Key Assembly Statements

Statement to the Nation Australian Bicentennial

07 July 1988

In this country which has been inhabited for 40,000 years, the Australian nation is celebrating the Bicentennial of the first European settlement. The Uniting Church, now in its second decade, greets our fellow Australian citizens on this occasion.

We give thanks for those times when the Australian society has established justice, equality, and mutual respect among people; has placed care for the people who have least above sectional interests; has welcomed new migrants and refugees; has exercised solidarity and friendship in times of crisis in Australia across divisions of race and culture; and has engaged constructively with the peoples of Asia, the Pacific and the rest of the world as peacemaker.

In the last two centuries the movements of history have brought together here in one nation, people of diverse cultures. As a church which is itself composed of people of many cultures and races, both Aboriginal and migrant, we rejoice in the vision of a multicultural society where these peoples may live together in unity and diversity, maintaining different cultural traditions, yet forging a common destiny based on commitment to the ideals of equality of opportunity, tolerance, justice and compassion.

At the same time, those of us who have migrated to Australia in the last two centuries or are the descendants of migrants, confess that all of us are beneficiaries of the injustices that have been inflicted on those of us who were Aboriginal people. In varying degrees, we all contribute to, and perpetuate those injustices. We recognise the violence which has been done to the Aboriginal people in the colonisation of this continent and the injustice by which Aborigines have been deprived of the land. We recognise the continuing Aboriginal experience of violence and injustice.

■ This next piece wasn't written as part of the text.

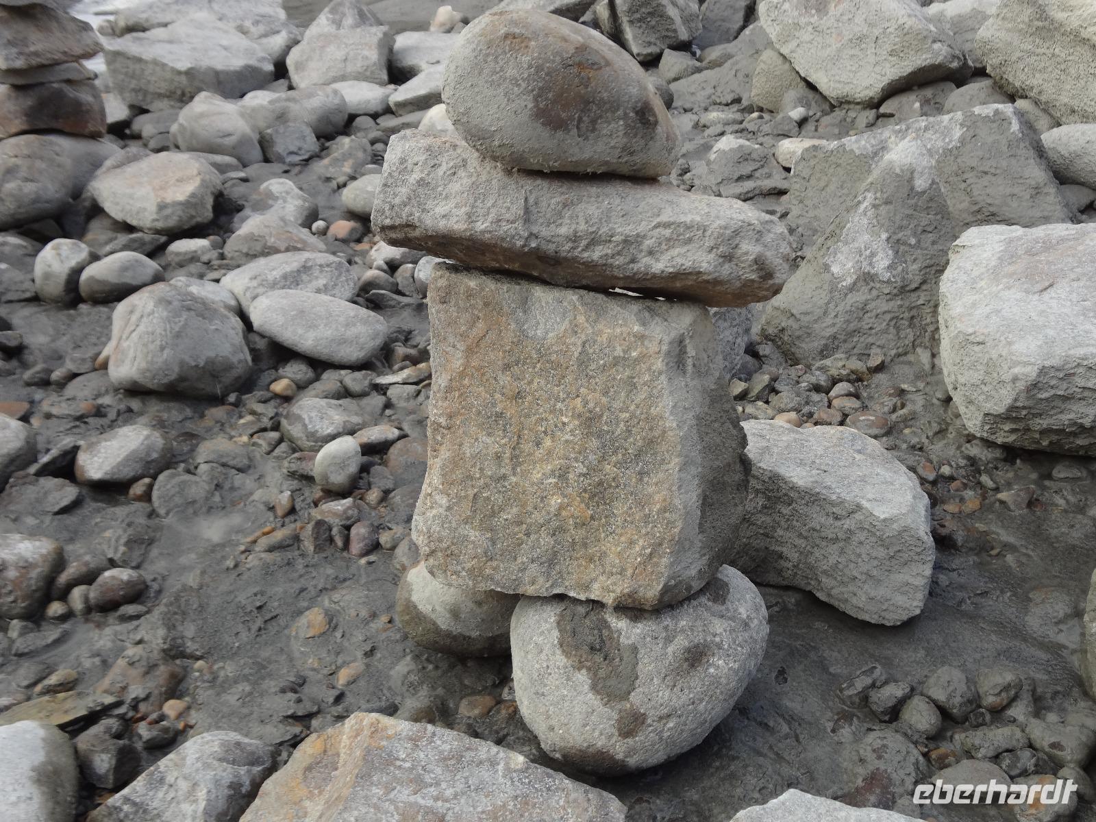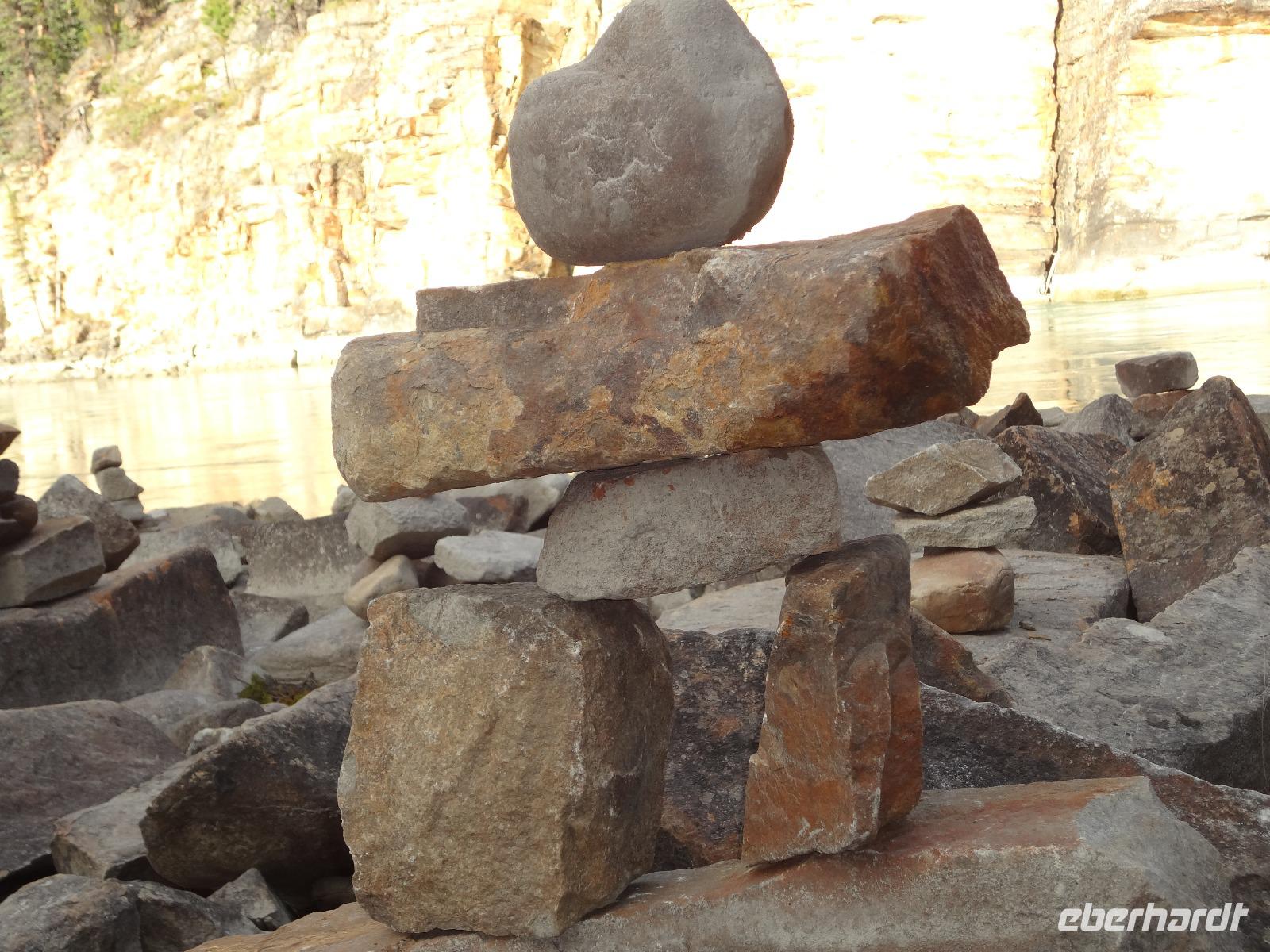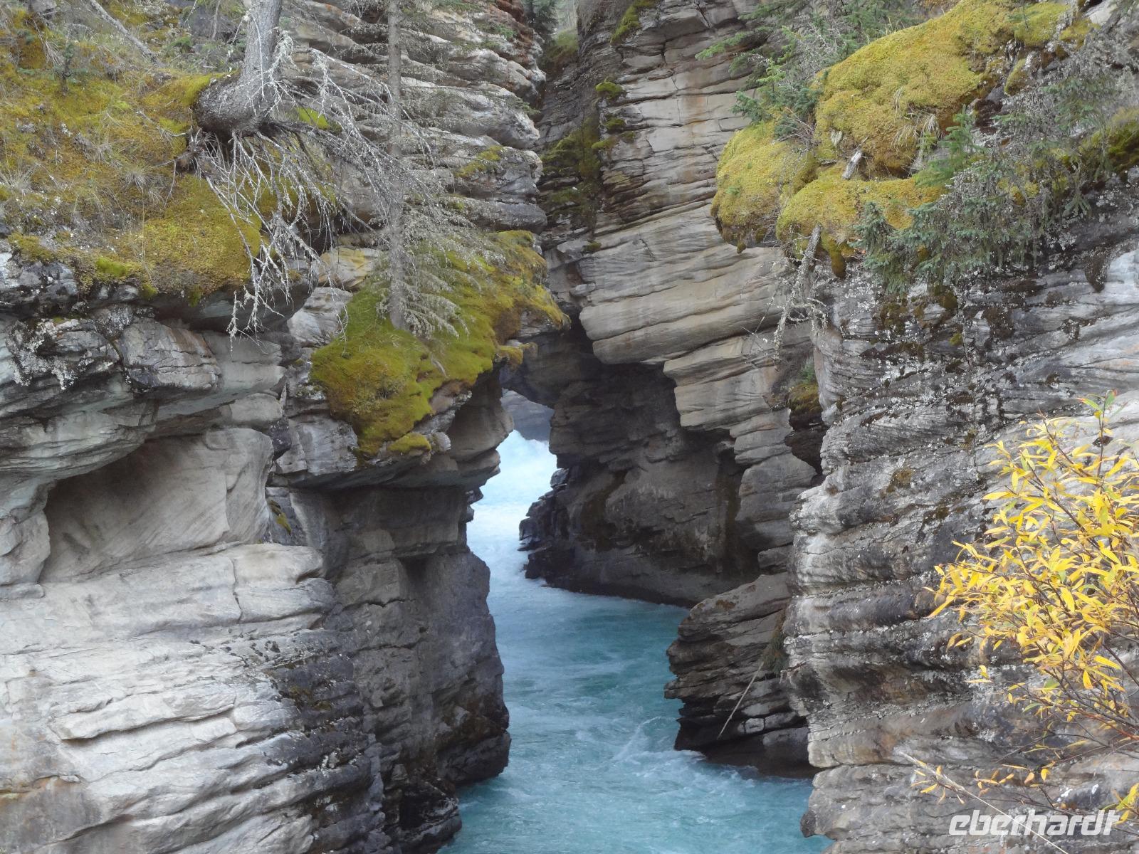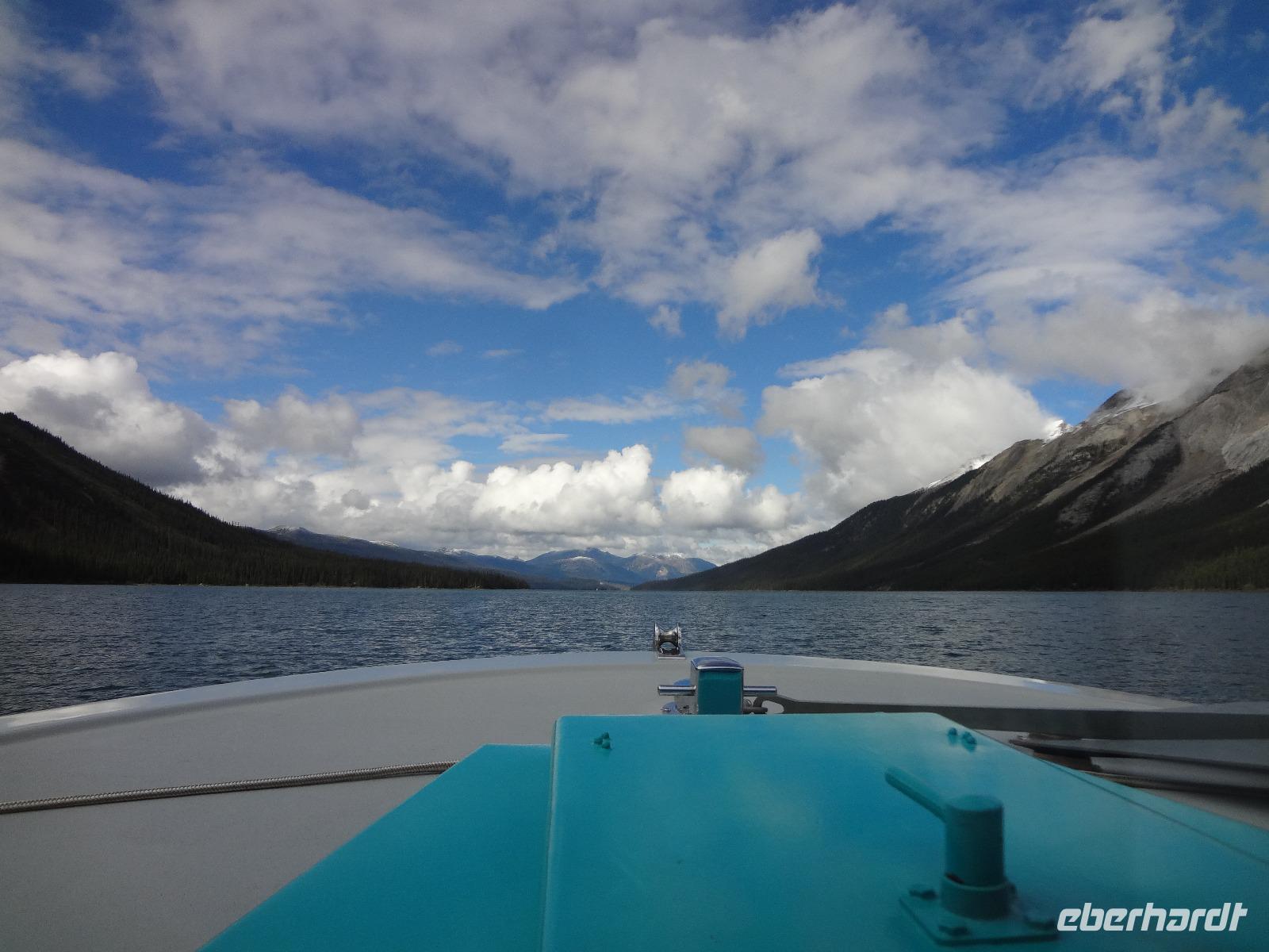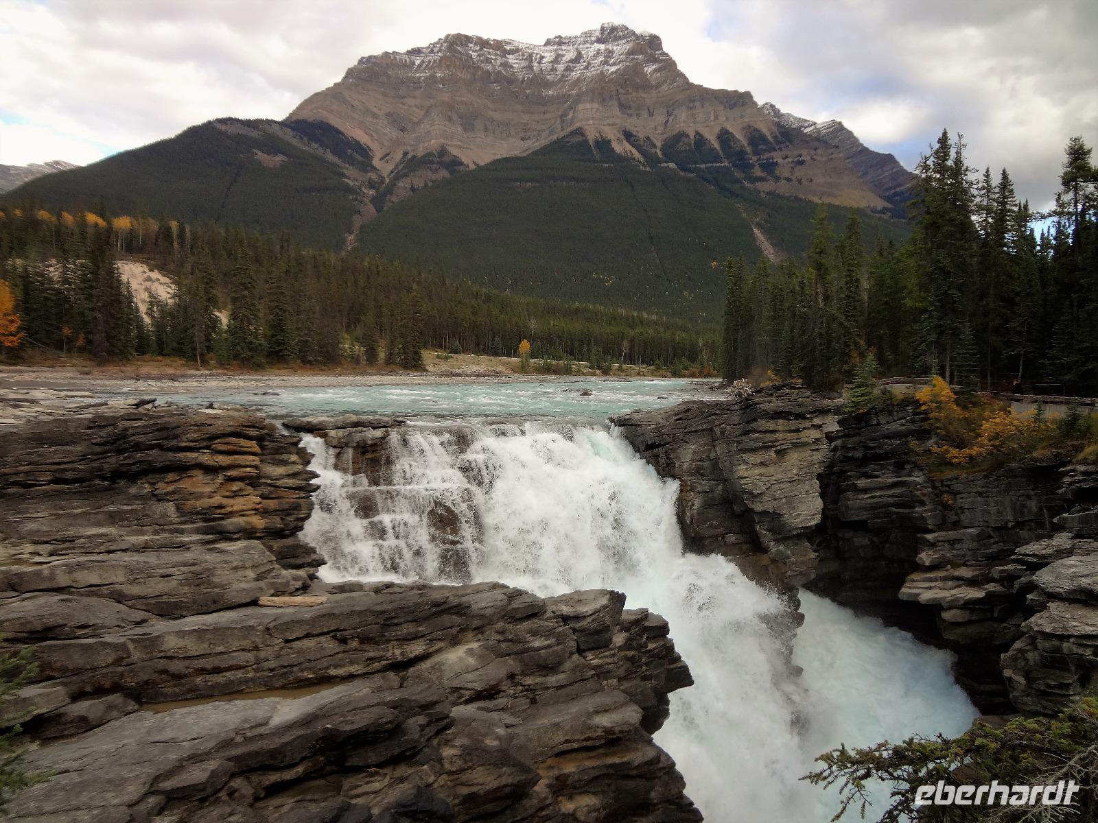 Nach einer geruhsamen Nacht in unseren Waldhaeuschen und einem ueppigen Fruehstueck, fahren wir in Richtung Jasper und sehen ploetzlich beim Vorbeifahren zwei Woelfe. Alex haelt den Bus und versucht auch zurueck zu fahren, aber die beiden sind gerade am verschwinden und nur das Hinterteil ist noch sichtbar. So einen Zufall, Woelfe zu sehen sei doch sehr selten und wir haben gleich 2 gesehen. Kurz vor Jasper werden wir nochmals verwoehnt, denn eine Wapitidame zeigt sich gleich neben unserem Bus, kurze Zeit danach sehen wir auch einen Wapiti Hirsch der wohl noch sehr jung ist. Auf dem Weg zum Maligne Canyon staut sich auf einmal die Autobahn.....ein ganzes Rudel, das heisst ein Wapitihirsch mit seinen 12 Damen sonnen sich gleich neben der Autobahn. Er steht mit seinem Riesengeweih majestaetisch da und schaut auf sein, im Gras liegendes, Harem. Ein wunderbarer Anblick. Natuerlich will da jedermann zuschauen und einige Fotografen haben bereits Stative aufgebaut und hantieren mit Kameras die teilweise einen Meter lang sind ! Auch wir versuchen noch ein Park-Plaetzchen zu ergattern, aber wir sind ein Bus und so viel Platz gibts nicht mehr. Wir fahren einfach ganz langsam vorbei und schauen dem Schauspiel zu. Bald sind wir bei unserer Wanderung. An dem linken Ufer des Maligne Canyons wandern wir von der 5. Bruecke bis hinauf zum Restaurant wo uns auch der Bus wieder abholt. Dieser Fluss ist wirklich verzaubert, einmal fuehrt er viel Wasser, und gleich danach wieder ganz wenig. Unterirdische Fluesse speisen ihn und fuehren auch Wasser ab. Ganz eigenartig. Wir kommen auch beim „Weissen Ton" Wasserfall vorbei und schauen immer wieder hinunter in die Schlucht die bei manchen Stellen ueber 50 Meter tief ist. Im Winter kann man hier Eiswandern und Eisklettern. Das soll interessant sein. Beim Restaurant angekommen haben wir etwas Zeit zum Kaffee trinken oder das Geschaeft anzuschauen. Die handgemachten Mocassins sind sehr weich und huebsch mit ihren Perlen. Aber passen die noch in unseren Koffer ? Bald gehts wieder weiter, zu unserem naechsten Ziel. Der Maligne See. Vorbei am Medicin Lake sind wir auch bald da. Die Mittagspause ist etwas kuerzer, da wir schon in einer ½ Stunde mit dem Schiff zur Spirit Island fahren werden. Das Schiff heisst Mary Schaeffer und ihre Geschichte haben wir bereits im Bus vernommen. Die Bootstour bringt uns Glueck, denn das Wetter wird zunehmends besser und bald haben wir einen blauen Himmer mit strahlender Sonne. Jetzt werden aber viele schoene Erinnerungen geknipst. Schatzilein vor Spirit Island, Schatzilein und ich vor einem verschneiten Berg, ich bei dem herrlich tuerkisfarbenen See usw, usw. Nach 1 ½ Stunden sind wir wieder zurueck und steigen auch wieder in unseren Bus ein. Wir wollen naemlich in Jasper noch Pause machen und uns das Staedtchen anschauen. Gesagt, getan und nun weiter zum Athabasca Wasserfall. Ohhh wie schoen, wie hoch, wie tief, wie ausgegraben, ein Wunder der Natur. Wie man einen Inukshuk baut und was das Ding ueberhaupt ist, erfahren wir gleich danach. Diese Lektion wird dann auch gleich in Tat umgesetzt und wir bauen die einfallsreichsten Inukshuks. Da die Ausscheidung so schwierig ist, stossen wir einfach mit einem echten kanadischen Whiskey auf unsere Arbeit an und knabbern an den salzigen-Limetten-Snacks. Zurueck im Hotel erfahren wir, dass wir morgen Bus und leider auch Buschauffeur wechseln werden. Wir werden den antiken Bus nicht so sehr vermissen, aber Alex, der uns sicher und gut durch die Rockies gefahren hat, schon. Das Abendessen ist wieder koestlich und Alex isst mit uns mit. Stewart, der Hotelmanager, ist heute besonders grosszuegig mit seinem Wein und fuellt auf Anfrage unsere Glaeser nochmals. Ja, die kanadische Grosszuegigkeit, vielleicht duerfen wir davon eine Portion mit nach Hause nehmen.

The integrity of our nation requires truth; the history of Australia, as it is taught in educational institutions or popularised in the media, must cease to conceal the reality and nature of Aboriginal society before invasion, what was done to them in colonisation, and what has been the fate and status of Aborigines within the Australian nation.

The integrity of our nation will be measured by action; by legislative action which honours the Aboriginal plea for justice, and by popular action by which the Australian people express their willingness to support Aboriginal Australians in the quest for justice and their struggle to reconstruct their society.

As for the Uniting Church in Australia, in obedience to God, in concern for the integrity of our nation, and in cooperation with all citizens of goodwill, we Aboriginal and newer Australians have determined to stand together. In co-operation with all fellow Australians of goodwill, we are committed to work for justice and peace, calling for honesty and integrity, encouraging tolerance and compassion, challenging acquisitiveness and greed, opposing discrimination and prejudice, condemning violence and oppression and creating a loving and caring community. We are conscious of conflicts and tensions within the nation and the world. We deplore the divisions of humanity along racial, cultural, political, economic, sexual and religious lines. In obedience to God, we struggle against all systems and attitudes which set person against person, group against group, or nation against nation.

We recognise a widening gap between the rich and the poor, not only within Australia, but within the whole human community. We will strive to uphold the rightful claims of the poor on the resources of this nation and the world. We will seek to identify and challenge all social and political structures and all human attitudes which perpetuate and compound poverty.

We affirm our belief that the natural world is God's creation; good in God's eyes, good in itself, and good in sustaining human life. Recognising the vulnerability of the life and resources of creation, we will work to promote the responsible management, use and occupation of the earth by human societies. We will seek to identify and challenge all structures and attitudes which perpetuate and compound the destruction of creation.

As a Christian church, born out of the struggles of Australian Christians to live in obedience to God in Australia, we find hope in Jesus Christ. We recognise that we Australian people are of diverse faiths and cultures and our desire is that we live together here in one community in justice, peace and mutual respect.

May the peace of God be with us all.